Calonarius osloensis has crowded, 3-6 mm wide, yellowish gills, with slightly scalloped to serrated edges.

=== Microscopic characteristics ===
The spores measure 11-12.5 x 6.5-7.5 μm, and are lemon-shaped, with distinct warts, and a suprahilar plage (smooth part of spore next to hilar appendix). The basidia are 9 x 11 μm wide, and bear 4 spores each. The trama of the gills measure 3-20 μm wide.

== Habitat and distribution ==
It is native to south east Norway, specifically the Oslofjord area. It forms mycorrhiza with small-leaved linden trees, in calcareous (calcium-carbonate rich), shallow, soils with little leaf litter or humus.
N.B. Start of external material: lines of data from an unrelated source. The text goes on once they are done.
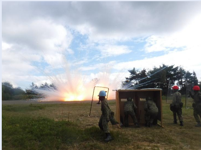
【化学火工品の処理】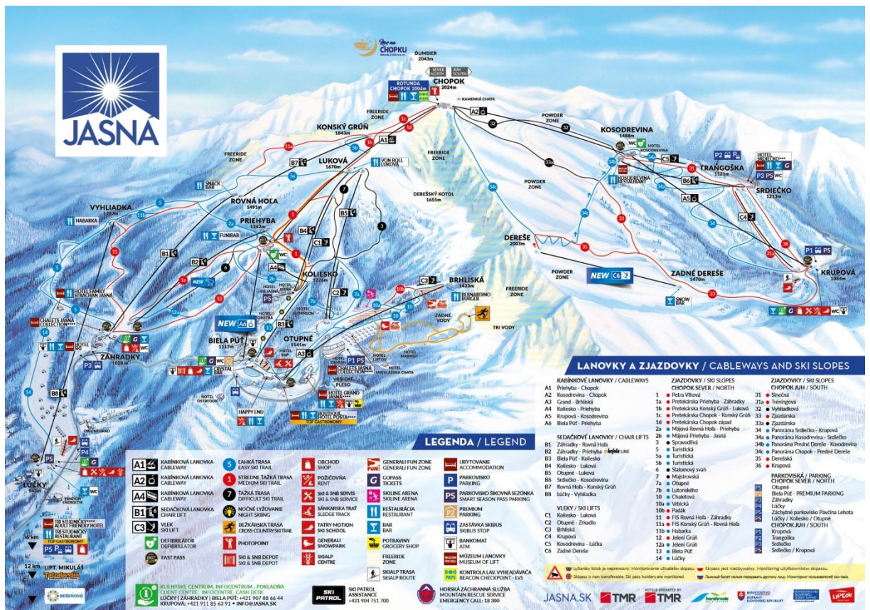
Image 3: La station de ski Jasná Nízke Tatry

Outre les sports d'hiver, Jasná Nízke Tatry propose des activités récréatives pendant les mois d'été la randonnée. Le VTT et l'exploration de la beauté naturelle des Basses Tartes sont des options populaires.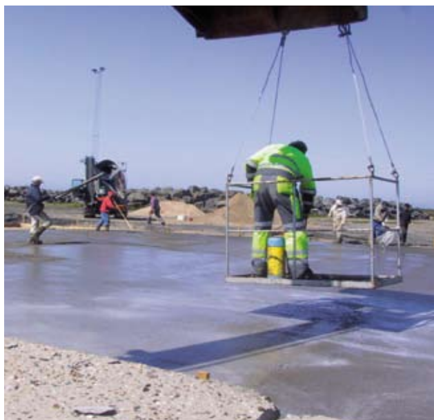
Figur 10. Påføring af forseglingsmiddel på store felter.

En foreløbig beskyttelse med et forseglingsmiddel efterfulgt af afdækning med plastfolie kan være en ekstra sikring mod plastiske svindrevner og mangelfuld hærdning.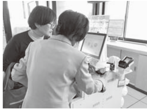
▲スマホで初めてのキャッシュレス決済に挑戦！

毎月各コミセン・公民館で開催しているスマホ教室の参加者から「スマホでキャッシュレス決済を体験したい！」との声があり、市内の飲食店など3店舗で体験会を行いました。当日は7名が参加し、店舗での実践を通じてスマホ決済を体験しました。「教えてくれる人がいるから安心して挑戦できた」との声のほか、「小銭いらすずで楽」「意外と簡単」「一人で出来そう」など好評をいただきました。一方で、「二度では分からない」という意見もあり、今後も継続して開催していきたいと考えています。 ぜひ「楽しく学べるスマホ教室」にご参加ください。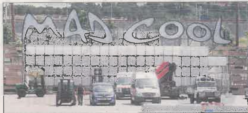
Carteles luminosos del festival que se celebrará del 16 al 18 de junio.

Este periódico se puso ayer en contacto con el Ayuntamiento de Madrid para conocer su actuación con respecto a ese informe, pero a la hora de cierre de esta edición no había contestado.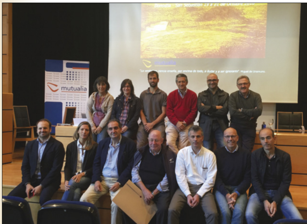
Profesorado del VIII Curso de Ecografía Musculoesquelética (2016).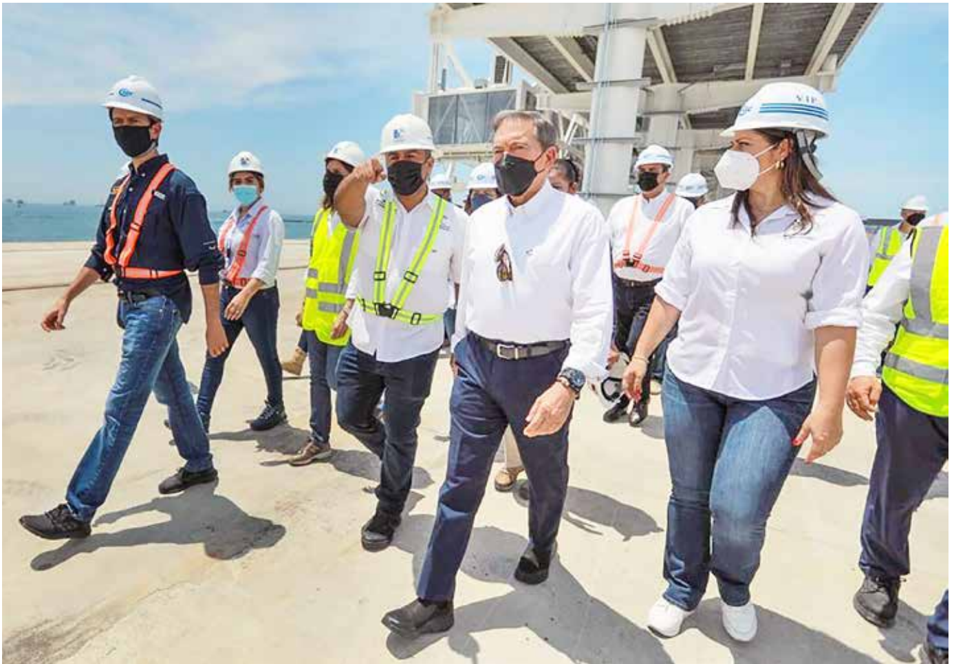
La construcción del proyecto registra un 80% de avance.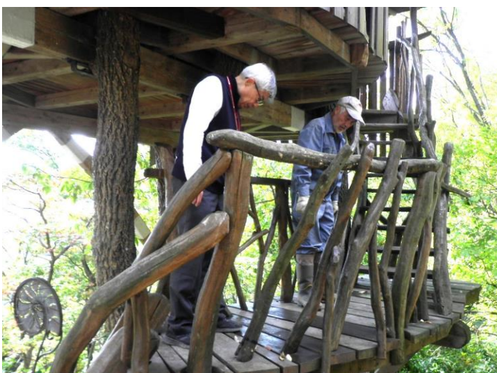
ツリーハウス補修完了立会 (女子大管財課) 令和4年11月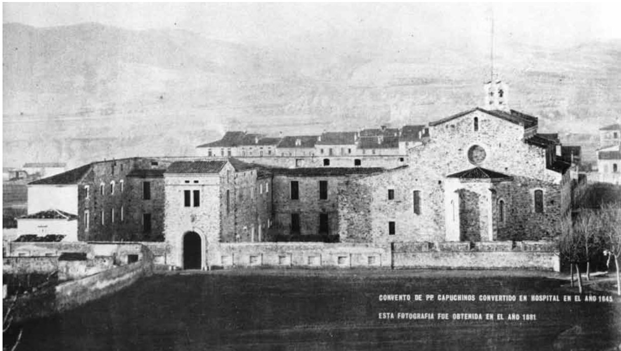
Convent dels caputxins convertit en hospital l'any 1881.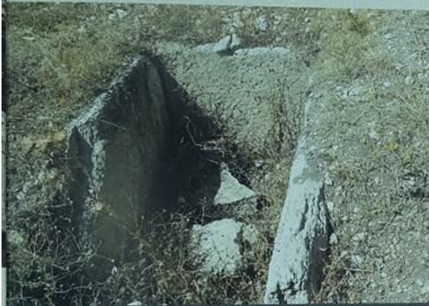
Resim-12 Mentеше Köyü Helenistik Dönem mezarı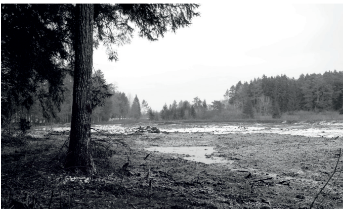
Angelegte Kleingewässer für Frösche und die Ringelnatter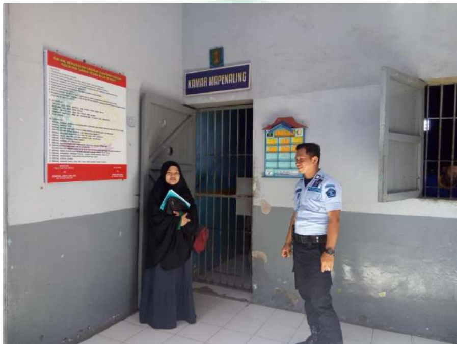
Gambar 1.36 Kamar mapenaling (Masa pengenalan lingkungan)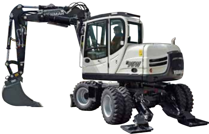
Mobilbagger (7 - 13 t)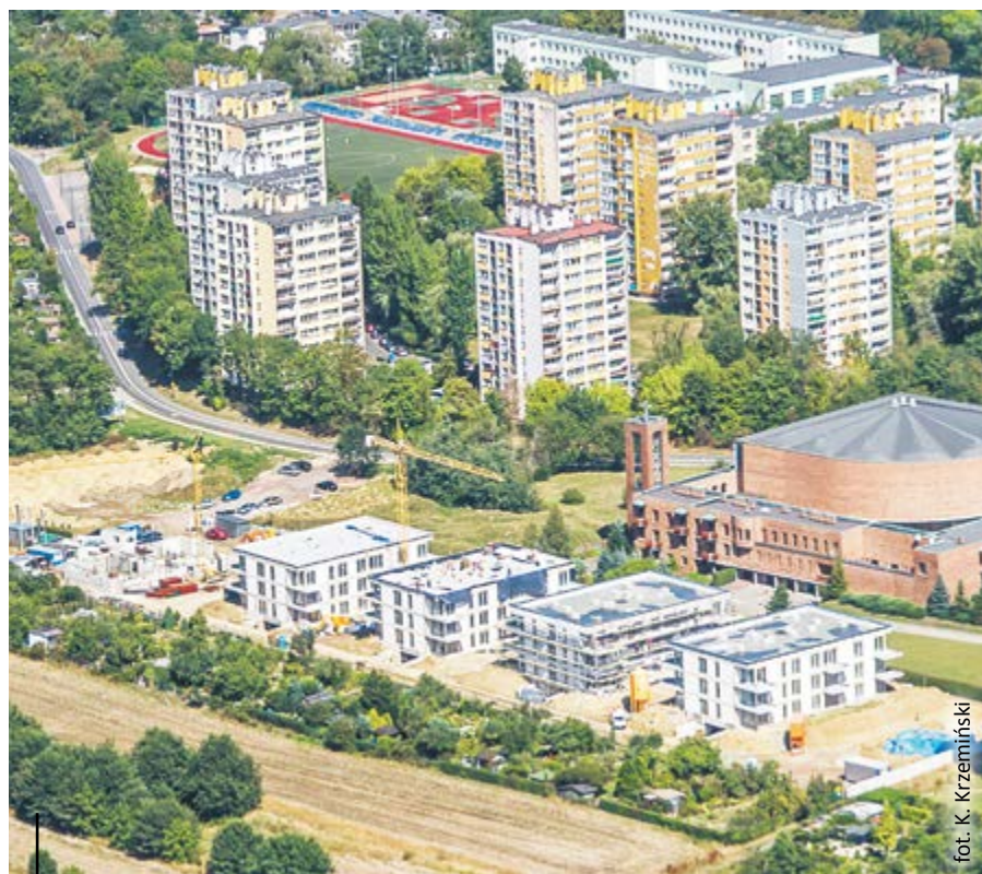
Nowy kompleks mieszkalny na osiedlu Sikornik będzie połączony z ul. Pliszki

Powstanie kompleksu mieszkaniowego wiąże się z koniecznością skomunikowania go z miejskim układem drogowym i zapewnienia kierowcom bezpiecznego przejazdu. Dlatego miasto zawarło z firmą Nexx porozumienie, zgodnie z którym budowa 3-włotowego minironda na

The IUCN estimates there are 260 mature individuals of this species left, with a continuing decline. It is therefore listed as endangered. Threats to the species include the decline of calcareous linden forests due to the land being developed for residential areas, or limestone quarries. Additionally, the invasion of Picea abies (Norway spruce) trees from adjacent plantations, as well as increased thickets of Ash and Maple, cause the soils to become more humid and acidic.

== Similar species ==
It can be distinguished from Cortinarius calochrous by its yellow gills. Cortinarius humolens, while having a similar odour to Calonarius osloensis, has larger fruiting bodies, and smaller spores, as well having an olive-greenish tint and a larger, flatter bulb. Cortinarius humolens is also found with holly oak rather than the small-leaved linden. The cap of Cortinarius langeorum is stained dark red by KOH, and its gills are gray rather than yellow, which distinguishes it from Calonarius osloensis.